San Antonio aurait du gagner en 2012 : 20 victoires de suite, dix en play-offs, en faisant de la bouillie du Jazz et des Clippers... le Thunder mené deux à zéro allait subir un châtiment comparable avant que les Spurs ne foncent jusqu'aux Finales.
Mais la bande à Scott Brooks a épuisé le réservoir adversaire pour remporter le troisième puis le quatrième match. Pas grave se dit-on, Duncan et Parker ne vont pas perdre le pivotal game 5 à la maison. Pourtant, Kevin Durant clôture ce 4 juin une victoire 108-103, un coup de massue avant de finir le travail à la maison.
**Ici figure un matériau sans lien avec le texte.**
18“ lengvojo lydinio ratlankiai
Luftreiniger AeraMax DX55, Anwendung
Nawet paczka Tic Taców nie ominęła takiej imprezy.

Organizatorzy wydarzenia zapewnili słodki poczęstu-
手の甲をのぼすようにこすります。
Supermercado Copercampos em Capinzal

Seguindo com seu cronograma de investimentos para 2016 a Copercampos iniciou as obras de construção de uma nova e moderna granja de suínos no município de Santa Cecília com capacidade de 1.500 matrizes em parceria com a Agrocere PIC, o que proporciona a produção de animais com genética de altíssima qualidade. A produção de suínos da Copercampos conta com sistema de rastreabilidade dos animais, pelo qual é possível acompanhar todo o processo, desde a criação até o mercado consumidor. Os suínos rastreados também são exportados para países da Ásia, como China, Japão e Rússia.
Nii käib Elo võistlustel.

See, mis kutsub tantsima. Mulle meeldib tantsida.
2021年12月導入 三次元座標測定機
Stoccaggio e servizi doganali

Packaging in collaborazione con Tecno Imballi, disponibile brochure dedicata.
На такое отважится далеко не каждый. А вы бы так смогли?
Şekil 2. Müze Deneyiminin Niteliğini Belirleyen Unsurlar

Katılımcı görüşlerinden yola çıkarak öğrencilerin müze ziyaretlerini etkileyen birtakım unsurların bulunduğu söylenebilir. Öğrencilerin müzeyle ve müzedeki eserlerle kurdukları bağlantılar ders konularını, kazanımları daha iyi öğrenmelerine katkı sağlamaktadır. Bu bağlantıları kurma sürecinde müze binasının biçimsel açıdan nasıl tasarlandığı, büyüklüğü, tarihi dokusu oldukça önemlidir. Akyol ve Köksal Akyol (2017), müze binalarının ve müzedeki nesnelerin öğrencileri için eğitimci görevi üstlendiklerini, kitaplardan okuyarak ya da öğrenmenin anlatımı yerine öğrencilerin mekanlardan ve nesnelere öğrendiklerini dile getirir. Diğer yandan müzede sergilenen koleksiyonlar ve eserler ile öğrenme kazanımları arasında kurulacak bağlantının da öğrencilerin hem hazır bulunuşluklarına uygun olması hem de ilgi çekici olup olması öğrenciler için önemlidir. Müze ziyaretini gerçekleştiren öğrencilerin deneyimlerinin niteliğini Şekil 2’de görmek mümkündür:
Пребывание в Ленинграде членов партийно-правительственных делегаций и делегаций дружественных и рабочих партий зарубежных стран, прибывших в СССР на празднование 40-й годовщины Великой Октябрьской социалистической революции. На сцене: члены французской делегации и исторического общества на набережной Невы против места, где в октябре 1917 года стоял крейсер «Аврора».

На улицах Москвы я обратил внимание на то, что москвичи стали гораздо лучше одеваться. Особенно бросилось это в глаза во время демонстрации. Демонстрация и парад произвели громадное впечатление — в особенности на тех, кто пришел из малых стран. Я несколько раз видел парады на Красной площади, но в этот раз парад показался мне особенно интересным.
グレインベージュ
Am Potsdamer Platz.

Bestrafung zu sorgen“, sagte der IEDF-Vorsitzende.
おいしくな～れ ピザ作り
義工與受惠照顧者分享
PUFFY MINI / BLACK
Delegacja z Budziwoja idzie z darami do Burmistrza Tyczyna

Comme une évidence, les deux formations rejouent ce même acte ce jeudi soir sur la même scène. Sans pouvoir anticiper le résultat, est-ce qu'on peut attendre le même scenario ?
- Le parcours jusqu'au Game 5
Contrairement à cette année où les Spurs ont totalement dominé les deux premiers matchs, avec un jeu bien équilibré, une très bonne adresse et l'absence d'Ibaka à l'intérieur, leurs victoires en 2012 avaient été serrées, et montraient surtout une bonne expérience des fins de matchs de play-offs.
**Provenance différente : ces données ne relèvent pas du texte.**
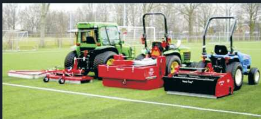
Gama completa de maquinarias para el mantenimiento de todo tipo de cesped artificial. CEPILLO DE ARRASTRE. RELLENO DESCOMPACTADOR. NIVELADOR DE RELLENO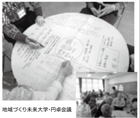
地域づくり未来大学・円卓会議

現在、今年度の開講に向けて準備を進めています。詳細については、6月以降に発行する公民館だよりでご案内します。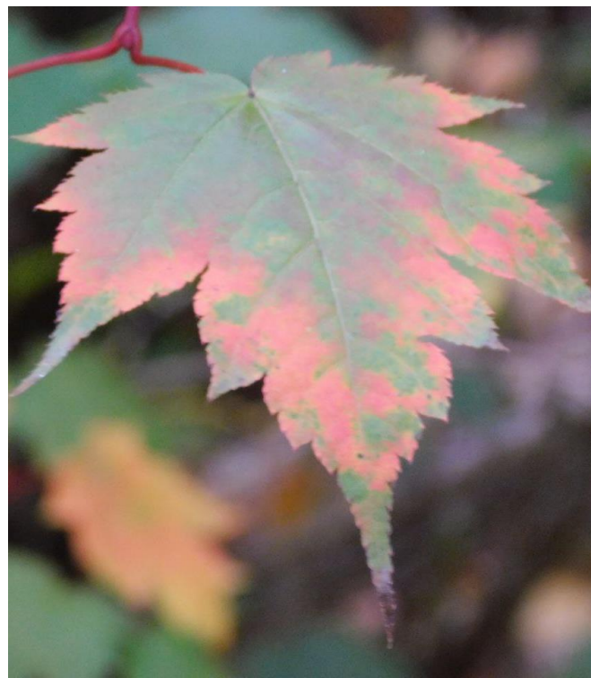
Рис. 7. Acer komarovii A. Pojark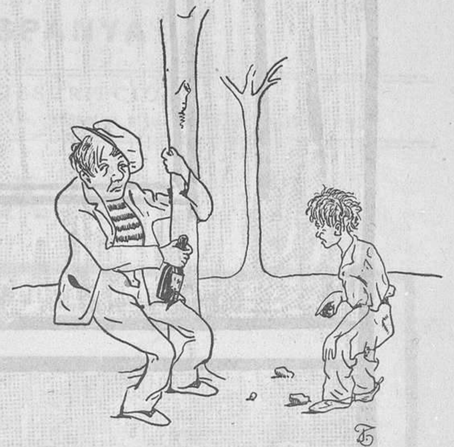
L'ESTABILITAT DE LES COSES

"Ganivet no podia menos de hacer recordar a dos grandes figuras coetaneas suyas: Joaquín Costa y Miguel de Unamuno. Se les recordó como era debido en un homenaje universitario. En algunos momentos parecia que el principal personaje de aquellas honras fúnebres no era el difunto. No todas las oraciones iban hacia el Sur, hacia Gra-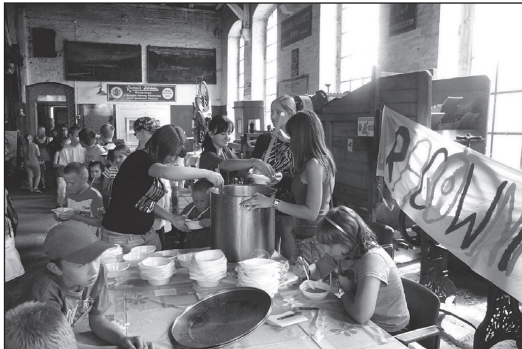
Po pracy jak w każdym dobrym przedsiębiorstwie można było zjeść posiłek regeneracyjny. Podopieczni i wolontariusze z Miasta Dzieci codziennie spożywali obiady dzięki restauratorom z powiatu świdnickiego. Podziękowania za naszym pośrednictwem skierowane są do firm Żar-Med Żarów, restauracji „Na Skarpie”, restauracji „Łażnia”, hotelu Piast Roman – ze Świdnicy, restauracji „Syrena” w Strzegomiu oraz piekarni Państwa Wychowanków w Jaworzynie Śląskiej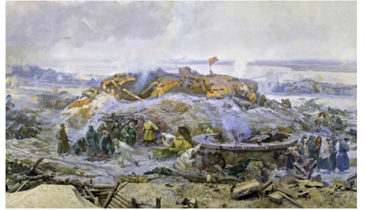
Официальное донесение парткома СталГРЭС от 31 декабря 1942 года:

«Уже с первых дней августа Сталинград начал подвергаться систематическим налетам вражеской авиации. Поэтому и коллективу «Сталэнерго» приходилось работать в условиях частых «воздушных тревог» и заступать на очередную вахту почти без отдыха. В результате массовых налетов и бомбежки города 23–25 августа были основательно повреждены линия передач от ГРЭС до города и городская электрическая подстанция, вследствие чего снабжение электроэнергией города прекратилось. Восстановление проходило в весьма тяжелой обстановке, под непрерывной бомбежкой вражеской авиации. Но, несмотря ни на какие трудности, линия электропередачи и городская подстанция были восстановлены, и к 29 августа город получил электроэнергию, что дало возможность пустить водопровод, городскую мельницу и обеспечить население водой и хлебом».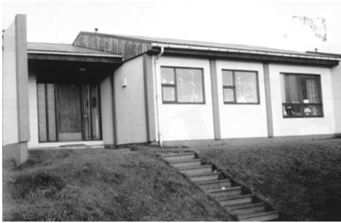
Miðhús, GogG, 125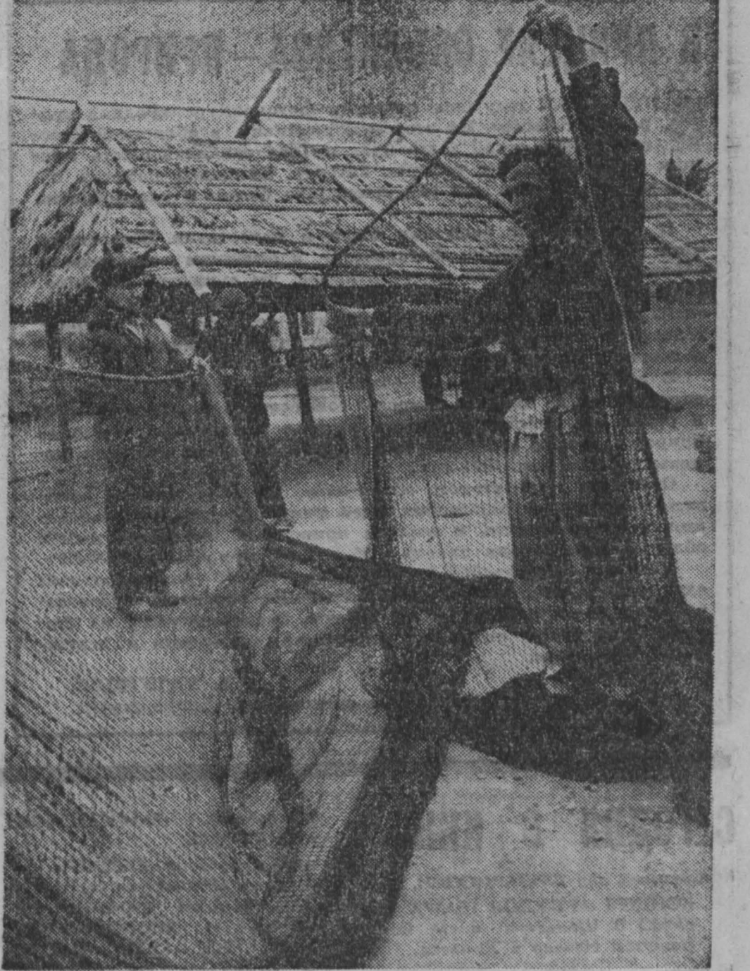
ДРВ. Из года в год рыбаки сельскохозяйственного кооператива села Зеняк в провинции Хайфон увеличивают улов рыбы. За достигнутые успехи рыбацкому кооперативу присуждено первое место в Красном знаме. НА СНИМКЕ: проверка сетей перед выходом в море.

La victoire d'OKC au troisième round avait été logique : plus de fraîcheur, une rencontre à domicile. Il est amusant de remarquer que San Antonio avait montré les mêmes problèmes d'exécution il y a deux saisons de cela : beaucoup de pertes de balle, et un jeu beaucoup trop axé sur le tir extérieur. Surtout, l'effectif paraissait fatigué après 20 succès consécutifs.
Le quatrième affrontement allait être beaucoup plus serré, avec au bout une défaite amère et difficile à comprendre pour les Spurs. Perdre en play-offs quand on shoote à 50 %, dont 47% à trois points et seulement dix pertes de balle ? C'est quasiment impossible (ce n'était d'ailleurs pas arrivé depuis 1993). Pour cela, il aura fallu un improbable et parfait 11/11 de Serge Ibaka aux tirs, pour compenser les sept points de Russell Westbrook, et compléter les 36 unités de Kevin Durant.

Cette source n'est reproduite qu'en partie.